On the surface Jamie Quatro’s fiction focuses on things most people would rather not talk about: sex, religion, death, infidelity, phone sex. But Quatro almost immediately pulls you in, writing with such intense clarity, intelligence, deep wit and beauty about characters who give themselves over entirely to the physical as well as the spiritual in their unfulfilled lives.

Throughout the connected stories, we follow a woman in her late 30s as she begins and ends a long-distance phone-sex relationship with a friend of her husband. The stories range from traditional to fabulist, casting an unflinching and brutally honest eye on the nature of judgment, guilt, faith, family and death, while seeking their reflections in forgiveness, redemption, doubt, and perseverance. This dualism is strikingly evident in the location -- all of the stories take place in and around Lookout Mountain, Georgia, a town straddling the Georgia/Tennessee border (almost a fairytale land with whimsical street names), where Quatro lives with her husband and four children.

In “Decomposition: A Primer for Promiscuous Housewives”, a husband and wife are faced with the corpse of the woman’s would-be lover rotting in their bed after the long-distance affair has been broken off. Quatro compares the sense of loss and grief at the relationship’s end to the stages of decomposition: “III. Active Decay: in which the greatest loss of mass occurs. Purged fluids accumulate around the body, creating a cadaver decomposition island (CDI).” Reading this, I found it equally repulsive and hilarious, but I couldn’t turn away. In a nod to Flaubert’s Madame Bovary, Quatro describes the dead lover with black goo oozing from its crumbling jaws. It’s a story that sticks with you.

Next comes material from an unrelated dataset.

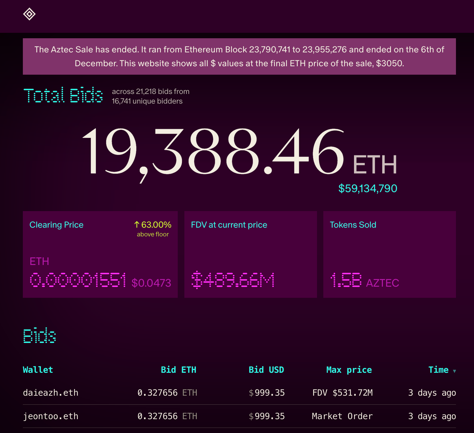 The end result of their CCA was that the 1.5bn tokens were successfully sold for almost $60m worth of ETH, meaning that their FDV ended up at $489m, which was 63% higher than their anticipated $300m floor.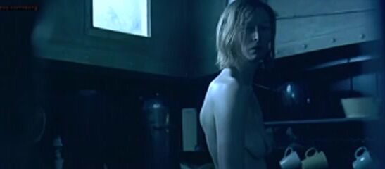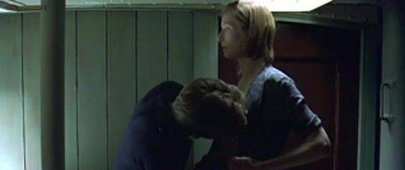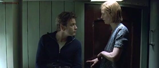 Tilda Swinton unbuttoning her dress to reveal her breasts and having a guy suck on her nipple before they end up having sex with him on top. From Young Adam.

“Ladies and Gentlemen of the Pavement” is one of the more fabulist in the collection, about a near-future marathon race where entrants -- depending on their running prowess -- are given (mostly phallic, mostly heavy) statues that they must carry in backpacks throughout the entire race. This was one of the more surprising in the book, and one I can imagine being studied and dissected and discussed at length in any graduate writing program workshop.

Two of the stories pay homage to Eudora Welty and Steven Millhauser in style (she couldn’t have chosen two finer writers to emulate), but with Quatro’s own unique twists.

Overall, this is an exceptionally well done debut from a talented author with great talent and a bright future.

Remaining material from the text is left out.